» Task:
Look for the line with "Санта Клаус держит"; please transcribe it and every later line in the entries exactly, up to the end, leaving pictures out.

---------------

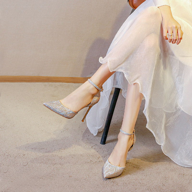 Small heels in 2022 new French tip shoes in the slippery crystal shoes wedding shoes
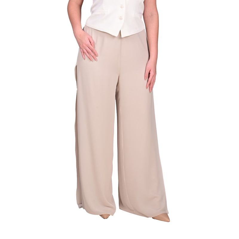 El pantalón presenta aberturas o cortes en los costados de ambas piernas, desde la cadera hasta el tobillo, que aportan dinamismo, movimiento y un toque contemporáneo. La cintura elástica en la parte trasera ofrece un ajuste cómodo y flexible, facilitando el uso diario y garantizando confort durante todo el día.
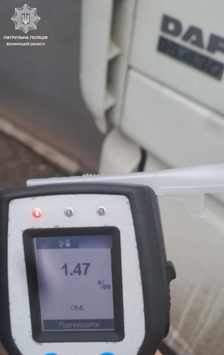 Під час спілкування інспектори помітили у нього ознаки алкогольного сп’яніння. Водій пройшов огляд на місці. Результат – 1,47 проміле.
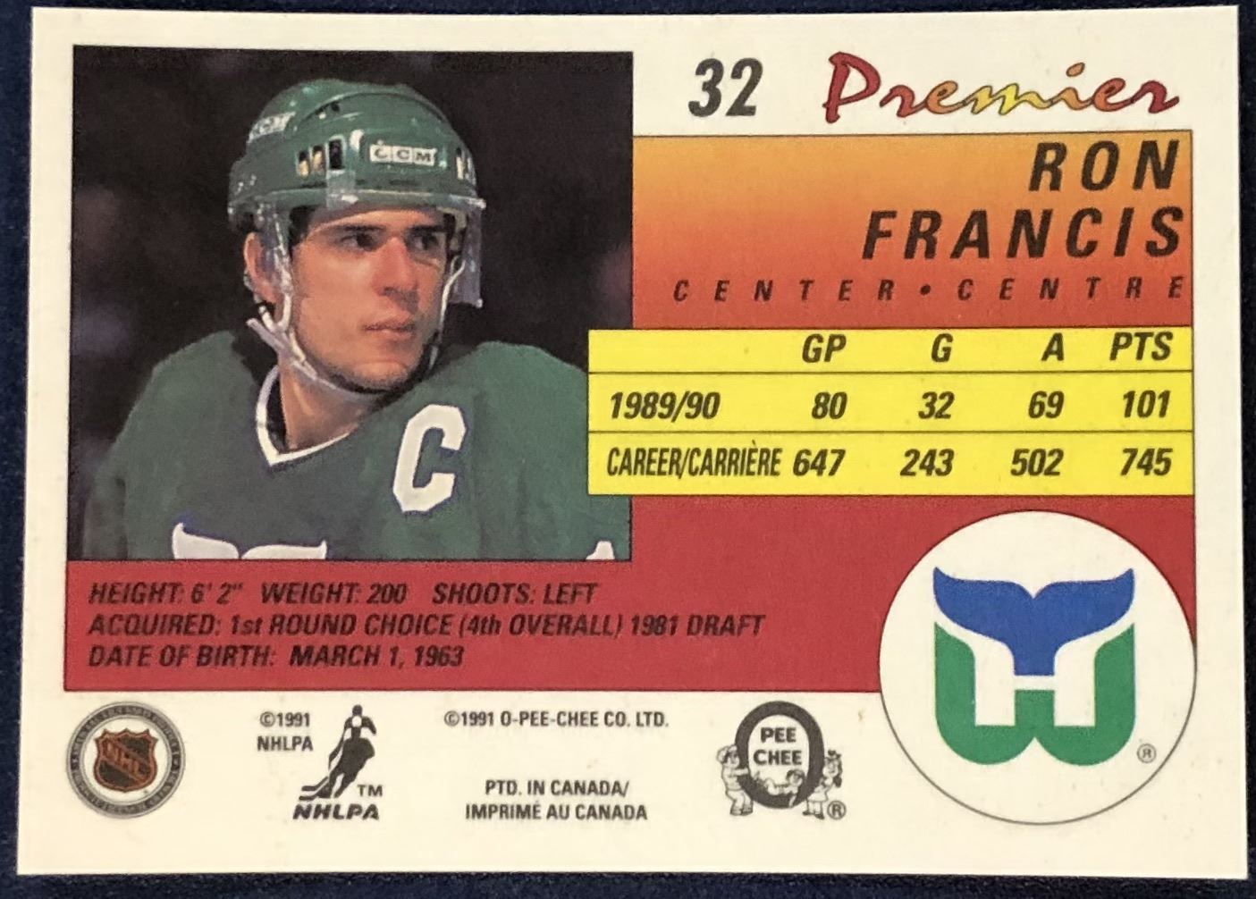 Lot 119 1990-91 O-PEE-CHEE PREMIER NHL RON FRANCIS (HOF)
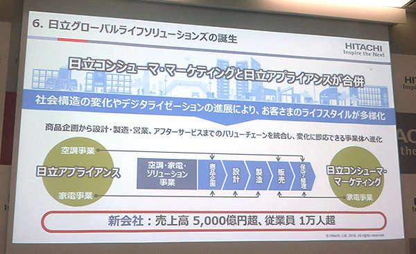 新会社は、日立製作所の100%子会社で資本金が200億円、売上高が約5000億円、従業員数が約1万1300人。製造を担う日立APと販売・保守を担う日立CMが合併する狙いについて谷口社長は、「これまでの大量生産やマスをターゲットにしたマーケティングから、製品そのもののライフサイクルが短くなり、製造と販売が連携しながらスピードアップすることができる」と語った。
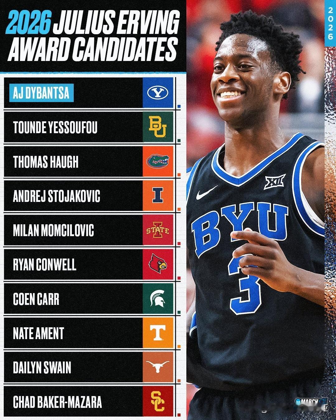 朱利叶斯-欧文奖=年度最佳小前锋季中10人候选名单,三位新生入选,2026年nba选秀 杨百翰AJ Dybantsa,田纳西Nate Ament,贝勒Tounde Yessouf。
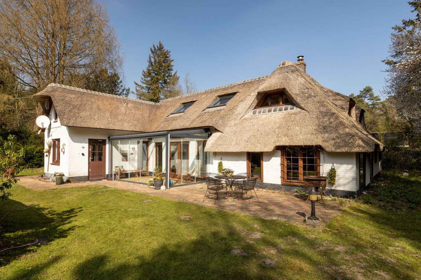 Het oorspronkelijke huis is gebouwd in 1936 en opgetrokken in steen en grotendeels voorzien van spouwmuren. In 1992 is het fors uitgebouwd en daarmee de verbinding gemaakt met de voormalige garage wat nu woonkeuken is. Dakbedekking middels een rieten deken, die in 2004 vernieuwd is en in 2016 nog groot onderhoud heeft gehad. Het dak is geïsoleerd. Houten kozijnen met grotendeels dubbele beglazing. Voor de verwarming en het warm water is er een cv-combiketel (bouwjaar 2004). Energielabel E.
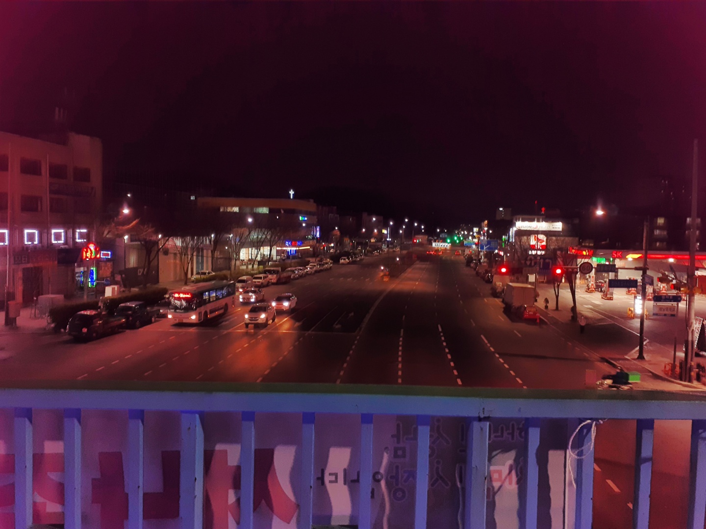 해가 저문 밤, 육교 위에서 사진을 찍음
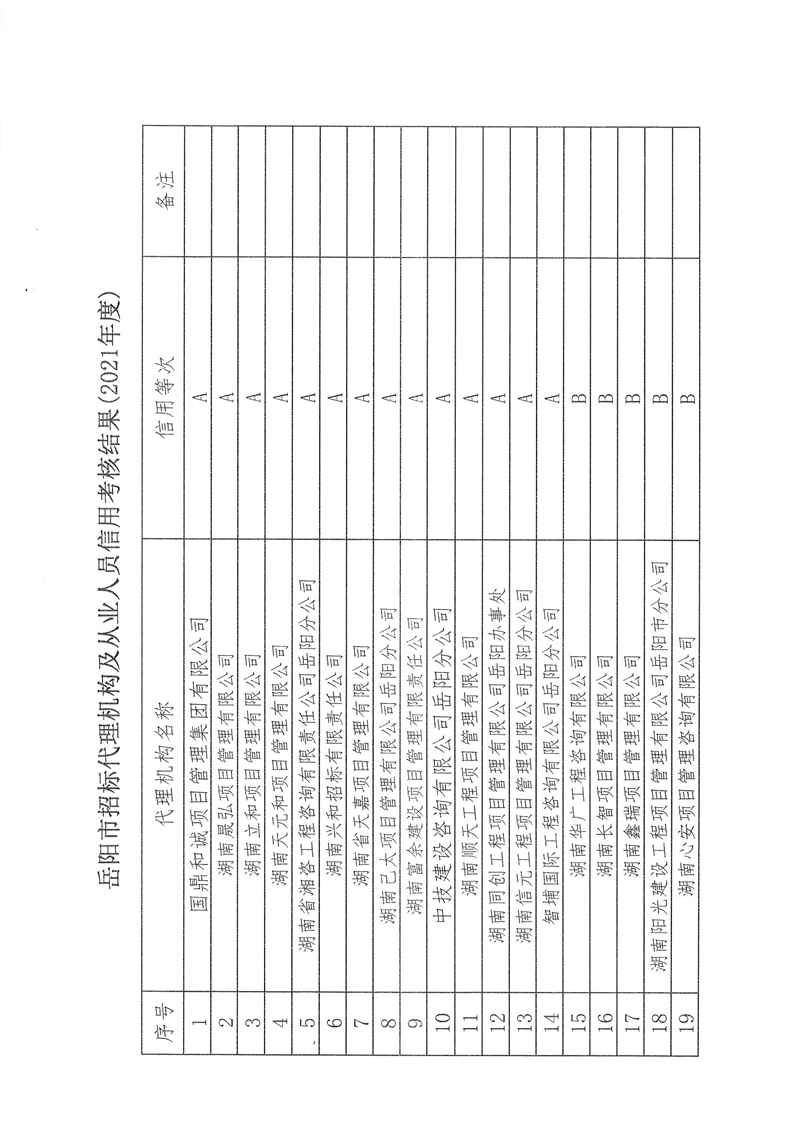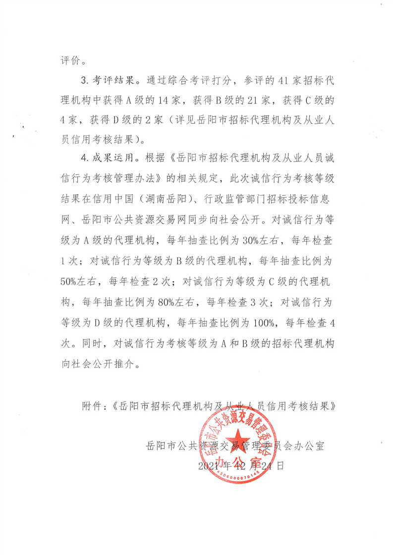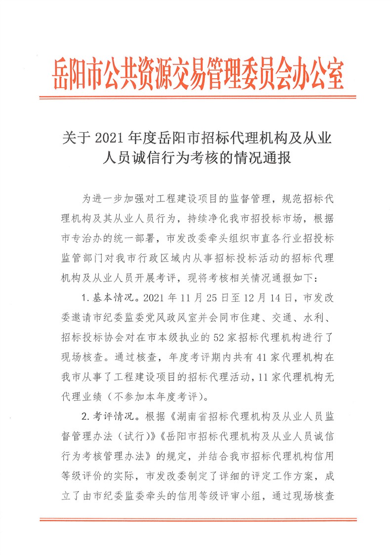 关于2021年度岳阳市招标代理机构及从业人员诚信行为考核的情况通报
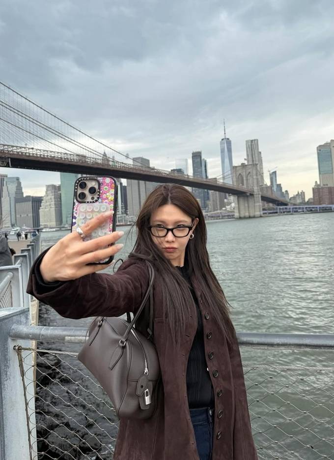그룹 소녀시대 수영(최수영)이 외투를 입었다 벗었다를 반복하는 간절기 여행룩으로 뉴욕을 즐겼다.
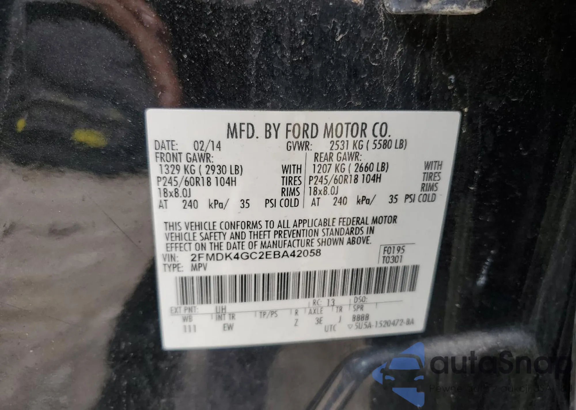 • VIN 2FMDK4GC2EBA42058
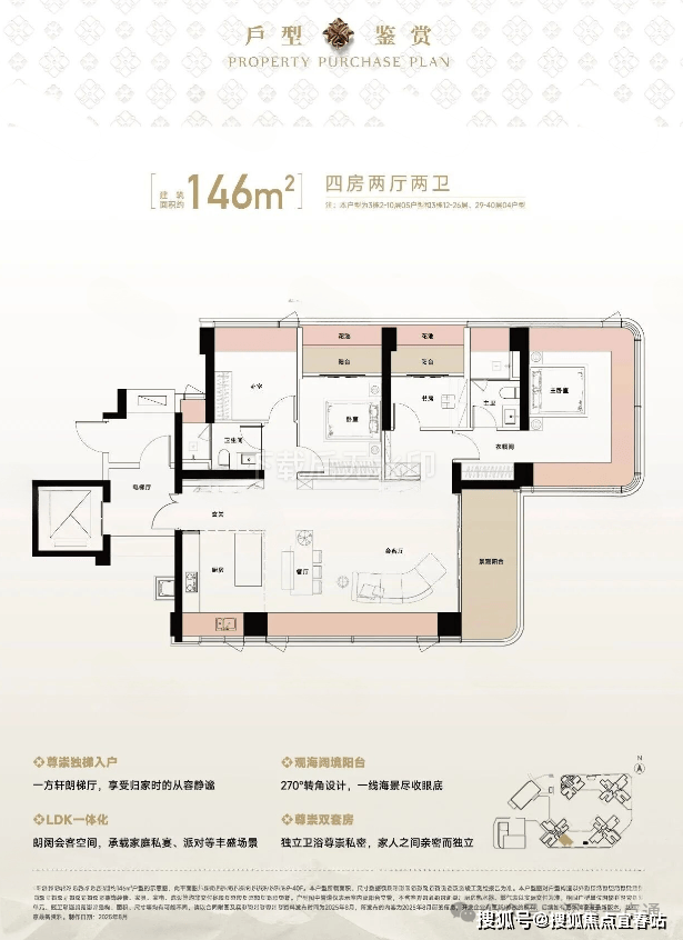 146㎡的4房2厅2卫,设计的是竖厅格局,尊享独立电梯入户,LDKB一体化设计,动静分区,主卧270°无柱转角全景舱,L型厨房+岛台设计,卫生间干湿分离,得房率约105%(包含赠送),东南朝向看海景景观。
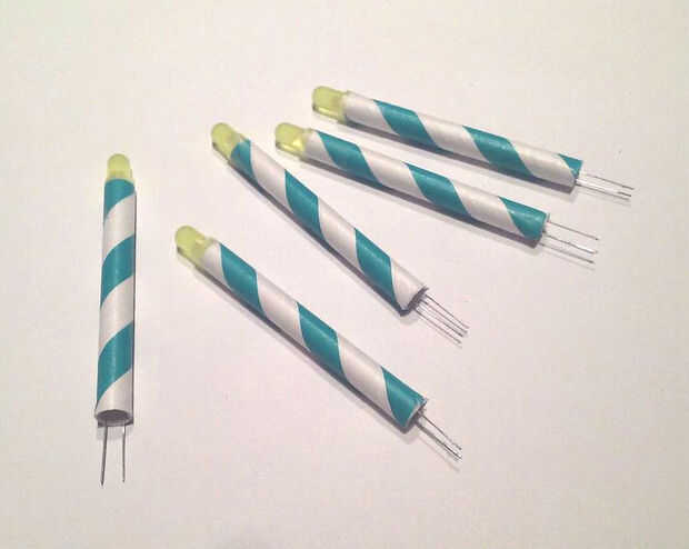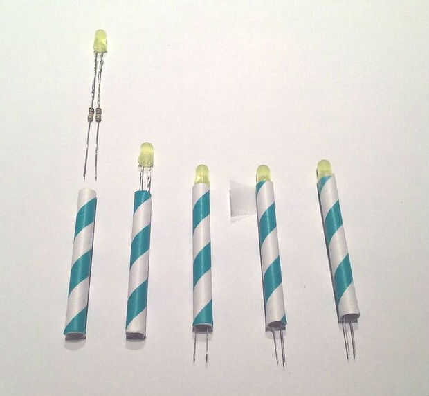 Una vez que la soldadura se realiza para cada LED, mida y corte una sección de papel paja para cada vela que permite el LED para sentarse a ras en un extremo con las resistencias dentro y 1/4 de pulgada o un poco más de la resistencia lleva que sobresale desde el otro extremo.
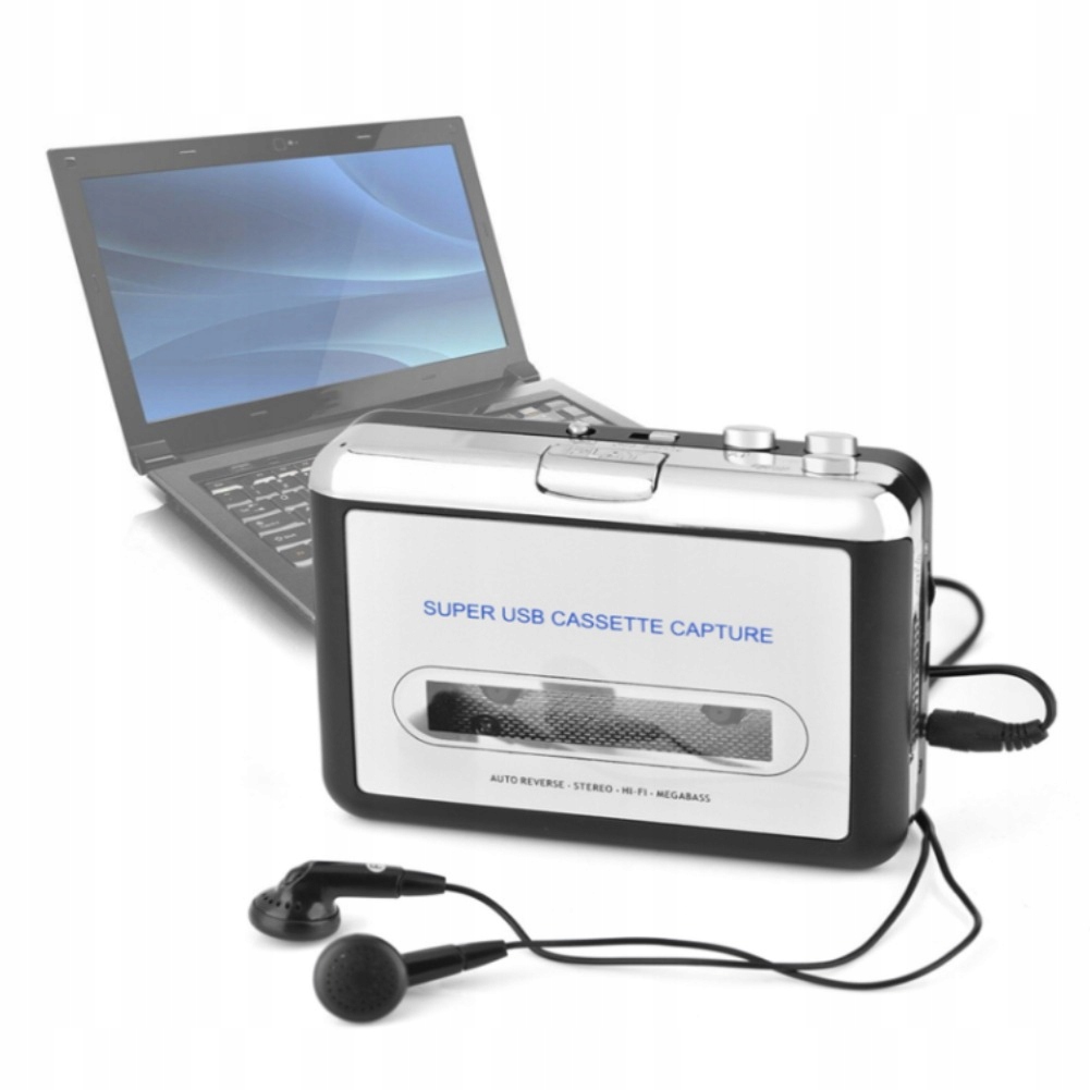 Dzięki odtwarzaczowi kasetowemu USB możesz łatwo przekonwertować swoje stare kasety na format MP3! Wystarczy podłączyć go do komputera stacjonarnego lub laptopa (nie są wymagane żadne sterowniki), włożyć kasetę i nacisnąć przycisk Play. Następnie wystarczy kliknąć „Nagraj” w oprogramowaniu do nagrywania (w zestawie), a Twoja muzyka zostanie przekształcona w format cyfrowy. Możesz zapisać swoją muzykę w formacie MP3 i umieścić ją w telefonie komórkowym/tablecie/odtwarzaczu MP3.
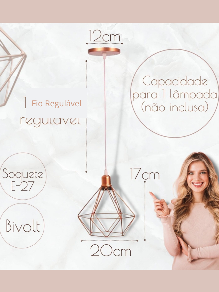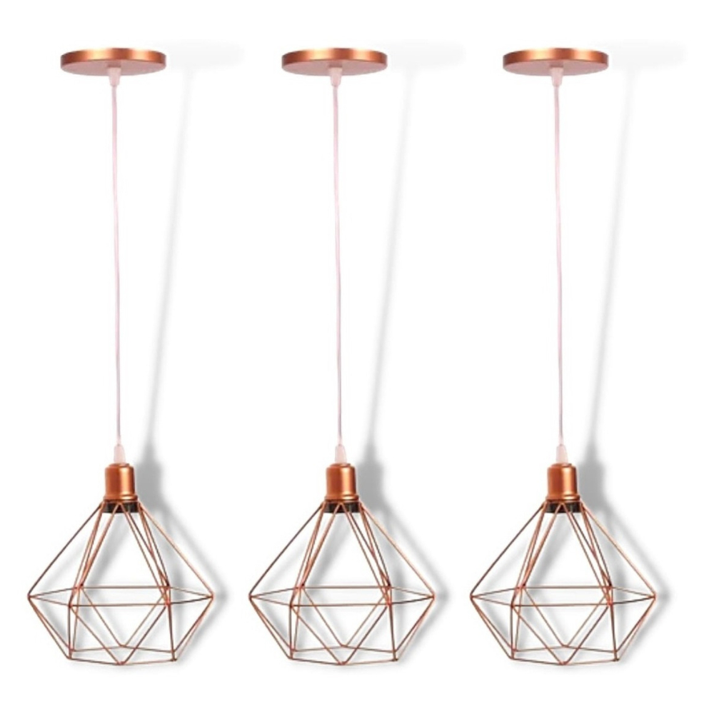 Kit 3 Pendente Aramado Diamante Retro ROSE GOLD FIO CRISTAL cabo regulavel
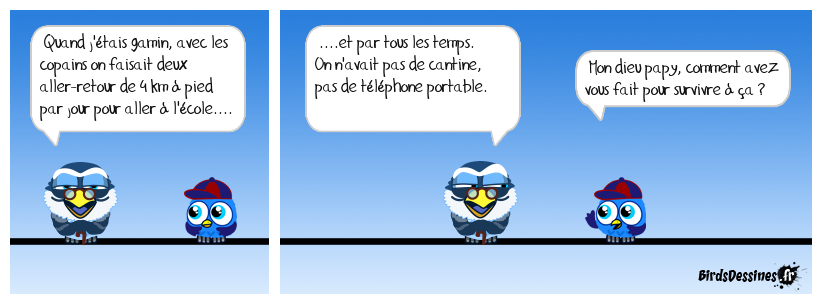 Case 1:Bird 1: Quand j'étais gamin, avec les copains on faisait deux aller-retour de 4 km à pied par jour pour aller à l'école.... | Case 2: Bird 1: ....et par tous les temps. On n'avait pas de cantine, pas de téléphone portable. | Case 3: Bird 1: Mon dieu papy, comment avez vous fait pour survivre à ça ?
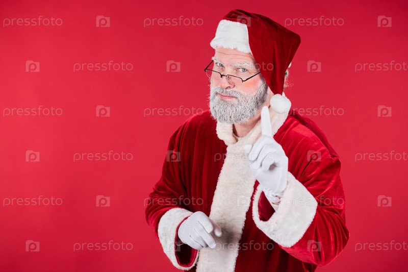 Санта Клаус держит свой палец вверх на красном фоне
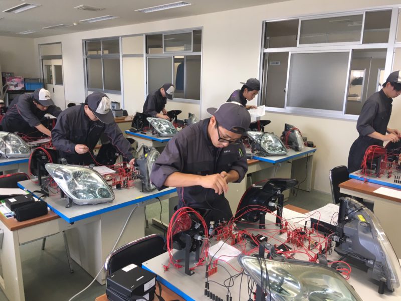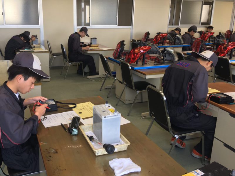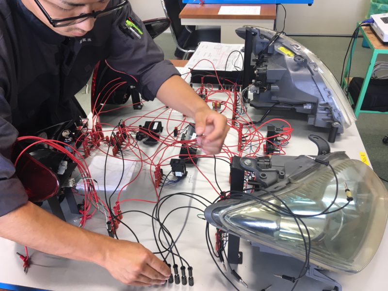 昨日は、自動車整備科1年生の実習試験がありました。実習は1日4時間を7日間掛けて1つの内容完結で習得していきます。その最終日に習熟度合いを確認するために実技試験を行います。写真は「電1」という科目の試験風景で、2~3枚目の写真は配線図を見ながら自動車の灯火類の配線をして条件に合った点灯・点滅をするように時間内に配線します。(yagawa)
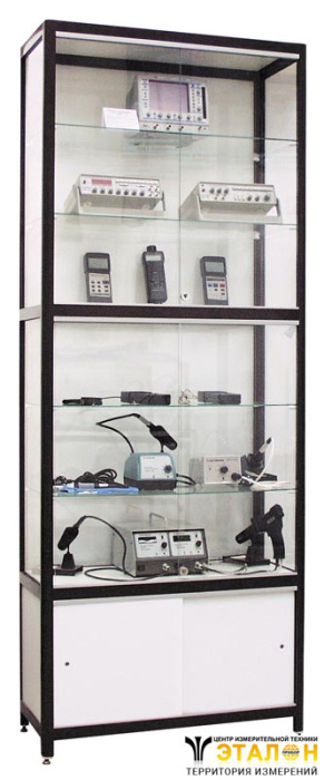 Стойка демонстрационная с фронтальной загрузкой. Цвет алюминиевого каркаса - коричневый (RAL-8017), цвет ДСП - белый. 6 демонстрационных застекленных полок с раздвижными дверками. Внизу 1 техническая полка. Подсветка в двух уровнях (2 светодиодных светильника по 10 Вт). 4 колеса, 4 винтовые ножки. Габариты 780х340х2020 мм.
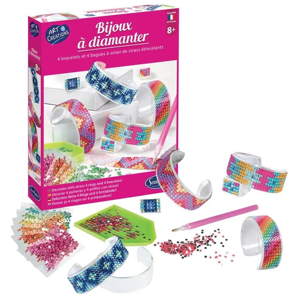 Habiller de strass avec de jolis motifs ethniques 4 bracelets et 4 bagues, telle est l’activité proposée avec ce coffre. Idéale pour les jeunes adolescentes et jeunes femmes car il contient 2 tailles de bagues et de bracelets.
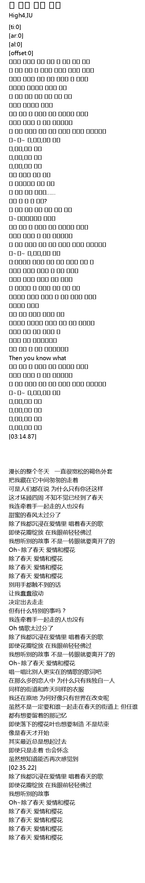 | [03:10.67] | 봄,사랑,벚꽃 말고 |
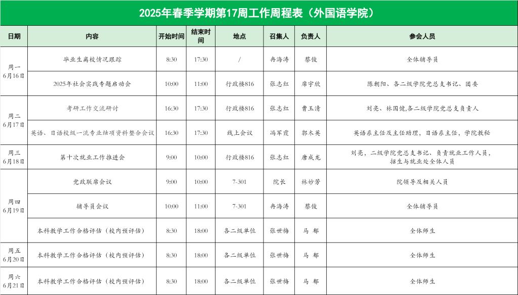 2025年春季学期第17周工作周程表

---------------

» Response to this task:
 Санта Клаус держит свой палец вверх на красном фоне
 昨日は、自動車整備科1年生の実習試験がありました。実習は1日4時間を7日間掛けて1つの内容完結で習得していきます。その最終日に習熟度合いを確認するために実技試験を行います。写真は「電1」という科目の試験風景で、2~3枚目の写真は配線図を見ながら自動車の灯火類の配線をして条件に合った点灯・点滅をするように時間内に配線します。(yagawa)
 Стойка демонстрационная с фронтальной загрузкой. Цвет алюминиевого каркаса - коричневый (RAL-8017), цвет ДСП - белый. 6 демонстрационных застекленных полок с раздвижными дверками. Внизу 1 техническая полка. Подсветка в двух уровнях (2 светодиодных светильника по 10 Вт). 4 колеса, 4 винтовые ножки. Габариты 780х340х2020 мм.
 Habiller de strass avec de jolis motifs ethniques 4 bracelets et 4 bagues, telle est l’activité proposée avec ce coffre. Idéale pour les jeunes adolescentes et jeunes femmes car il contient 2 tailles de bagues et de bracelets.
 | [03:10.67] | 봄,사랑,벚꽃 말고 |
 2025年春季学期第17周工作周程表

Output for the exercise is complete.